Firat university Medical Faculty, Turkey
Title: Is VCUG really necessary for children older than two years with recurrent urinary tract infection?
Biography:
Fikri Selcuk Simsek is currently working at the Nuclear Medicine department of Firat University Medical Faculty, Turkey. He has many publications in reputed international journals and is an eminent researcher, representing his institution in many international conferences as well.
fselcuksimsek@gmail.com
Purpose: VUR incidence is around 1.0% in general population, but it occurs as high as 25.0-50.0% among children with UTI. Presence of VUR and UTI together is considered a very important risk factor in development of renal scar. After the first UTI urinary system imaging generally not recommended. If patients are of age between 2-24 months with recurrent UTI, guidelines suggests VCUG. For children >24 months with recurrent UTI, a large number of clinical and biochemical parameters evaluated for VCUG. However this modality could cause high gonadal radiation exposure, increased infection risk, in addition to higher costs and increased morbidity. Our aim is to investigate, is there any chance to discriminate High Grade VUR from others via 99mTc-DMSA scintigraphy in children >24 months with recurrent UTI.

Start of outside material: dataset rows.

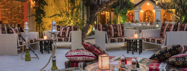 • Arabic colours, elegant design and a wide selection of flavoured shisha - an atmospheric setting to share a moment with our beloved ones, with our delicious mezzes, colourful cocktails and the fruity smokey from your shisha.
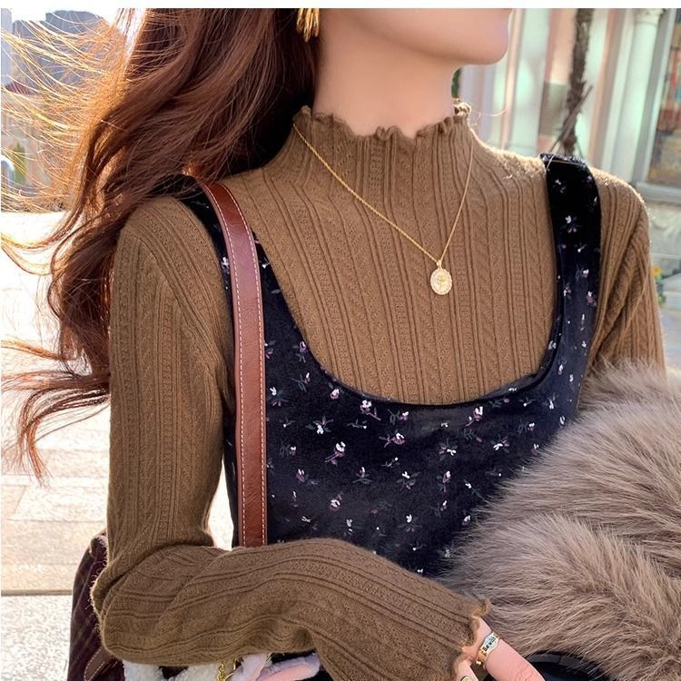 하프 터틀넥 스웨터 바닥 이너 탑 슬림 초가을과 겨울 2024 새로운 여성 패션 봄스토어 가기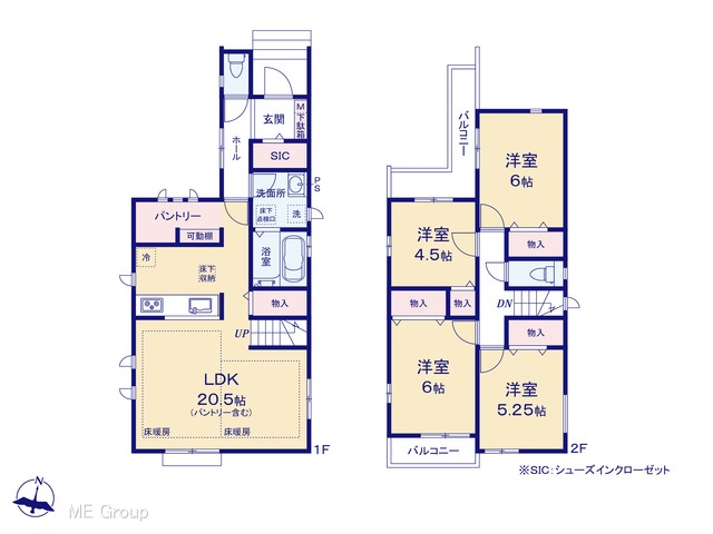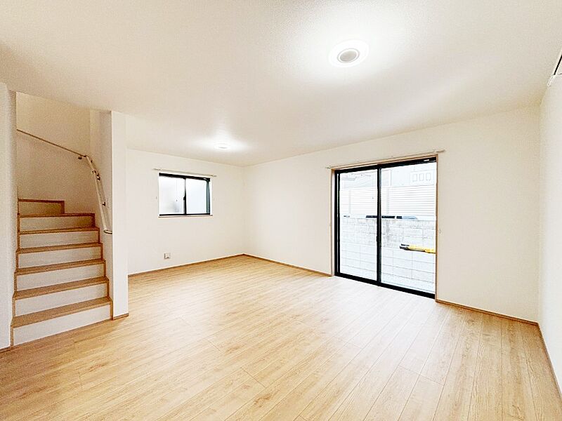◆家具を置いてもゆとりのある約20.5帖のLDK ◆まとめ買いの強い味方!たっぷりしまえるパントリー ◆暮らしのスタイルが広がる全室洋室の住まい ◆家族との自然な会話が増えそうなリビング階段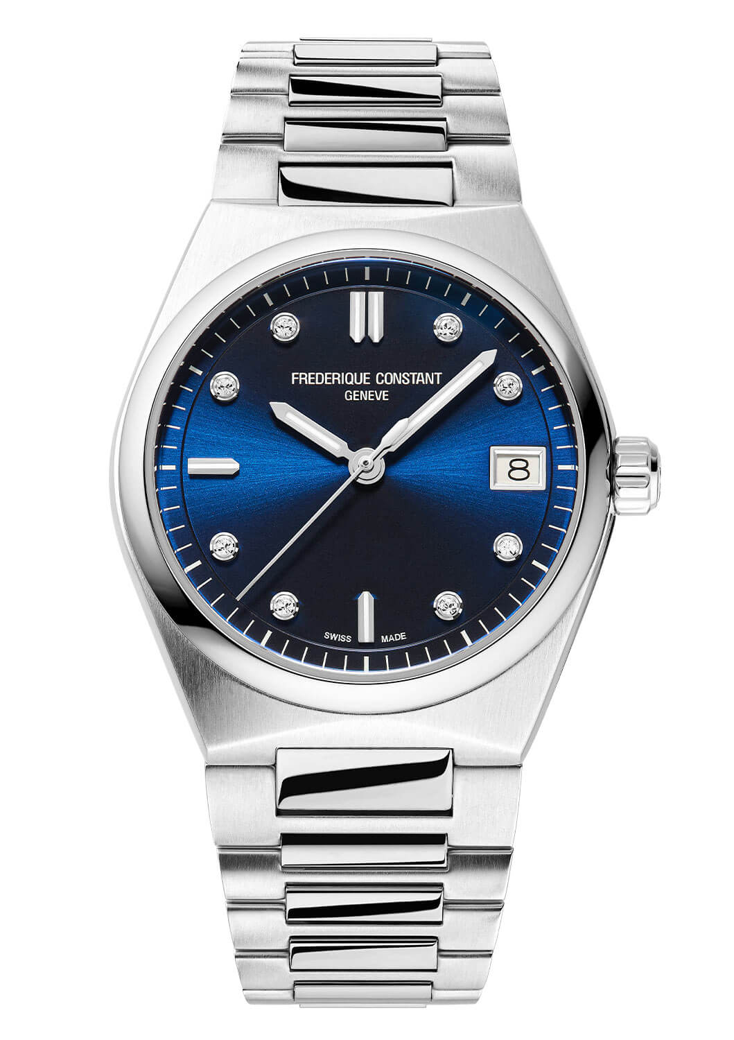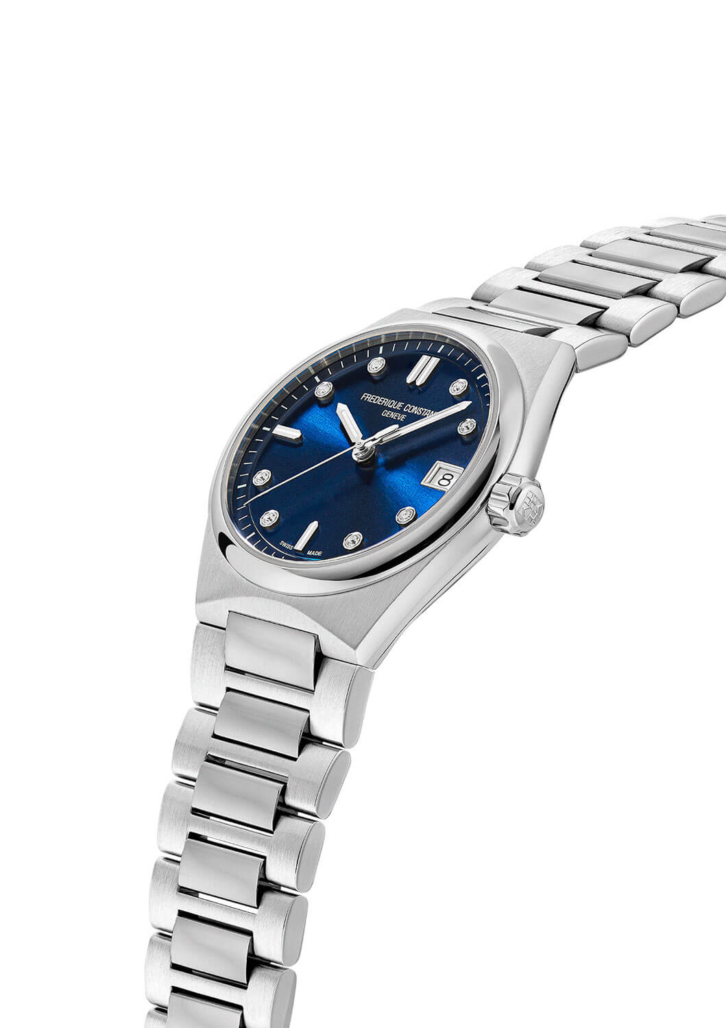Hodinky Frederique Constant FC240ND2NH26B s diamanty vynikají vynikající kvalitou zpracování, protože jsou vyrobeny z odolné ušlechtilé oceli. Jejich pevný náramek s motýlkovou sponou zajišťuje pohodlí při nošenía. Lesklá luneta přitahuje pozornost a podtrhuje luxusní charakter hodinek. Pod tvrdým, na poškrábání odolným safírovým sklem se nachází sluneční, modrý ciferník zdobený jemnými detaily, které mu dodávají výjimečný vzhled. Osm třpytivých diamantů zdobí celé hodinové značky a datumovka zvyšuje funkčnost tohoto časoměru. Jde o nadčasový model, který harmonicky spojuje klasický design s moderním akcentem, což z něj činí dokonalou volbu pro ženy, které si cení jemnosti a přesnosti. Švýcarský strojek zaručuje spolehlivost a elegantní forma hodinek podtrhuje jedinečný styl jejich majitelky.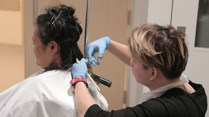 These volunteer hair stylists help our patients look and feel their best! Feeling good about their appearance may help to boost our patients' mood and morale!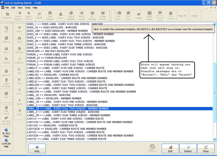 Locate the report, label or membership card you wish to modify. For this example we have chosen to edit the "BITHELK" template which is the report for active elks birthdays for a specified month. Upon selecting this or any report you will immediately see a hint box specifying what you need to do to Edit the report.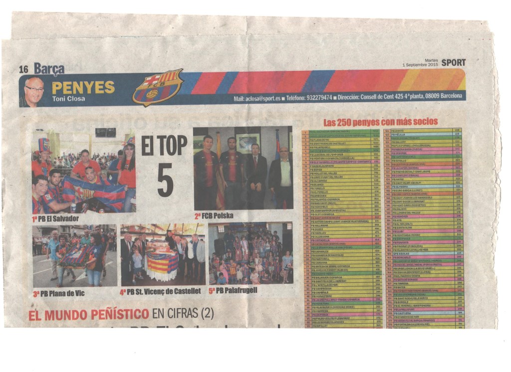 Segons el ranking que ha sortit el dia 1 de Setembre de 2015 al diari Esport la Penya Barcelonista Plana de Vic és la Penya més gran de Catalunya i Espanya i la tercera penya més gran del món.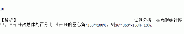 一个扇形统计图中,某部分所对的圆心角为36°,则该部分占总体的百分比为 %.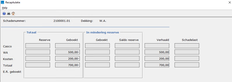 Een boeking op DSA Aansprakelijk gaat wél ten laste van de eigen maatschappij, dus Netto maatschappij wordt daar wel gevuld. Bij een verhaaldboeking (PDV = Registratie DSA boeking) is de Netto maatschappij altijd nul, net als bij de bestaande boeking: Registratie = P.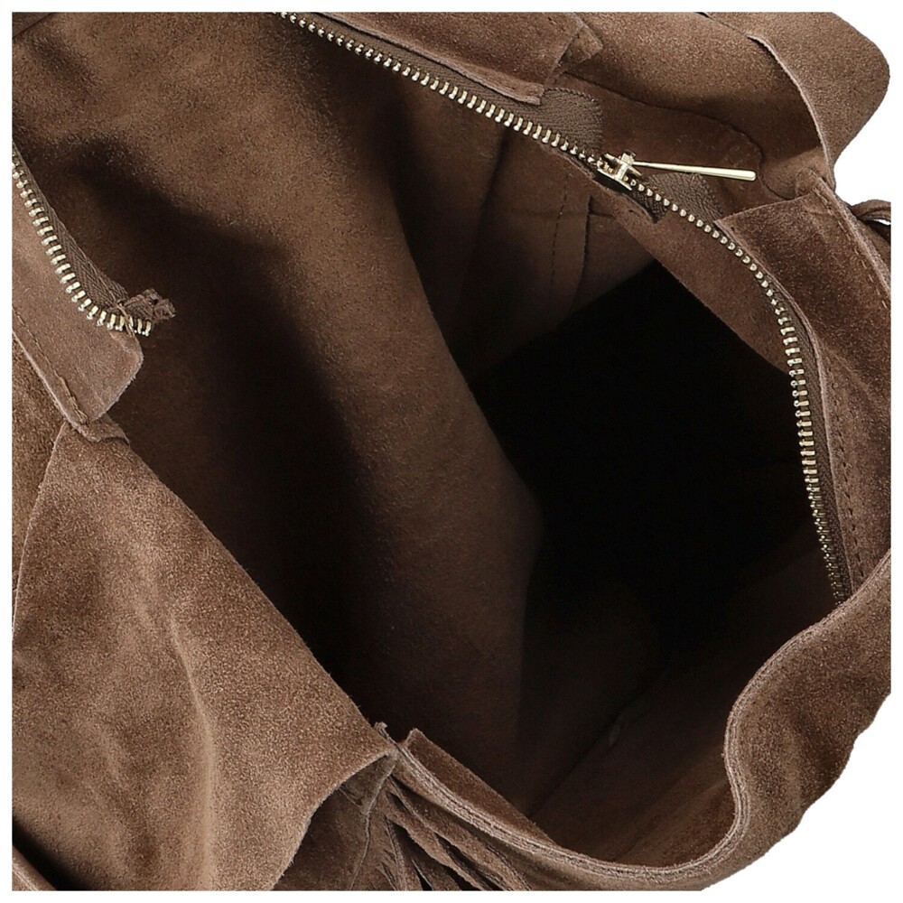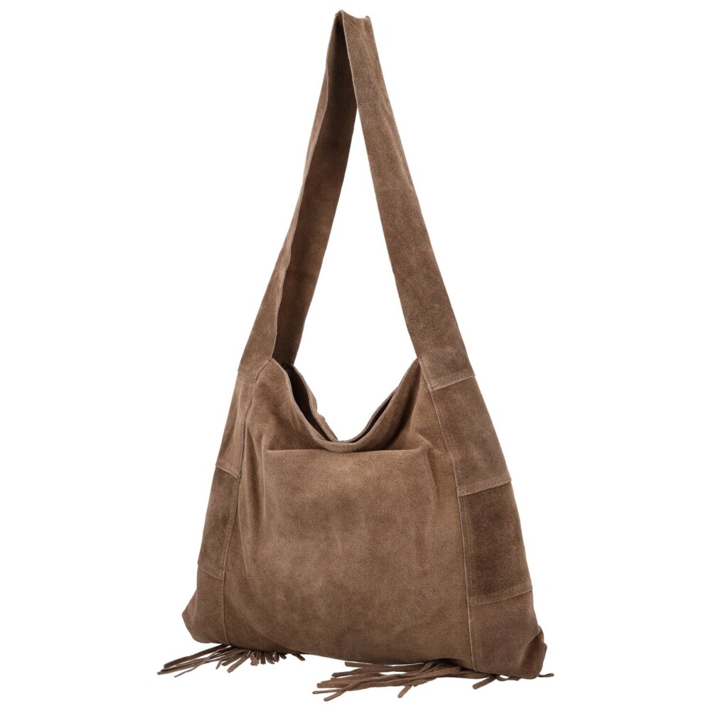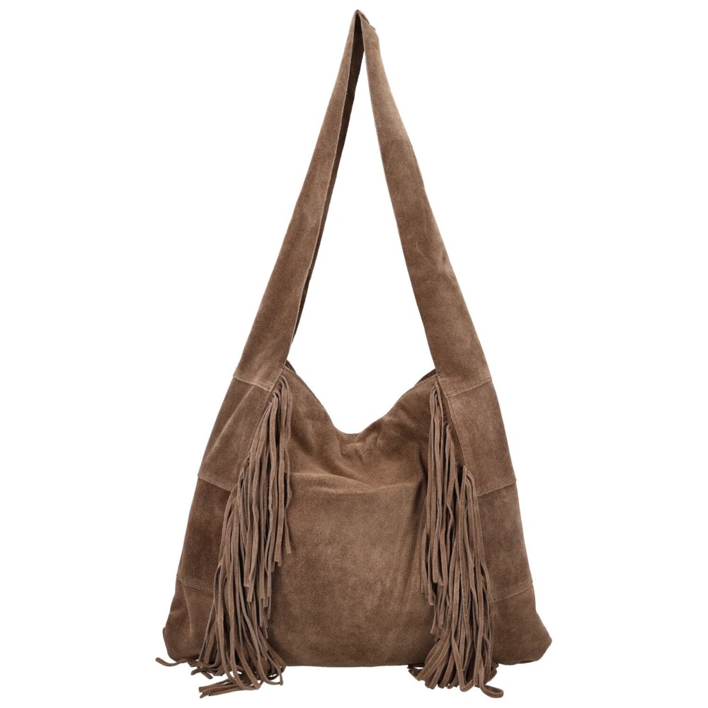 Uvolněný styl a prémiová kvalita se setkávají v této měkké kožené kabelce. Broušená kůže jí dodává jemnou texturu, zatímco dlouhé a širší ucho umožňuje pohodlné nošení na rameni. Přední stranu zdobí hravé kožené střapce, které přidávají kousek ležérní elegance. Hlavní prostorná kapsa na zip nabízí dostatek místa pro všechny každodenní nezbytnosti, a zlaté kování završuje celkový luxusní vzhled. Perfektní volba pro volný čas, nákupy i městské procházky. Objednejte ještě dnes a vyzkoušejte, vrátit ji můžete až za 30 dnů!

Material-Methods: Patients whom >24 months, underwent 99mTc-DMSA scintigraphy and VCUG for recurrent UTI between 2010 and 2016 were retrospectively evaluated in our database. Among them, if patients have normal scintigraphy, they included in the study. We calculated the possibility of high grade VUR in scintigraphy negative patients. VCUG accepted as gold standart for grading VUR.
Findings: There wasn’t any high grade VUR in 42/44 kidney and 20/22 patients with scintigraphy negative patients. Both children with reflux were female with six and nine years old. Both refluxes were Grade 4 and 99mTc-DMSA scintigraphy had 95.5% NPV for high grade VUR.
Conclusion: Tc-99mTc-DMSA scintigraphy in >24 months children with recurrent UTI has high NPV for High Grade VUR. When it is remembered that, Grade 4 VUR can be removed with appropriate treatment and follow-up without surgery, 99mTc-DMSA scintigraphy is an logical alternative for this group of patients. Thus, much lower gonadal radiation exposure, decreased infection risk, much lower costs for medicare system and decreased morbidity can be achieved.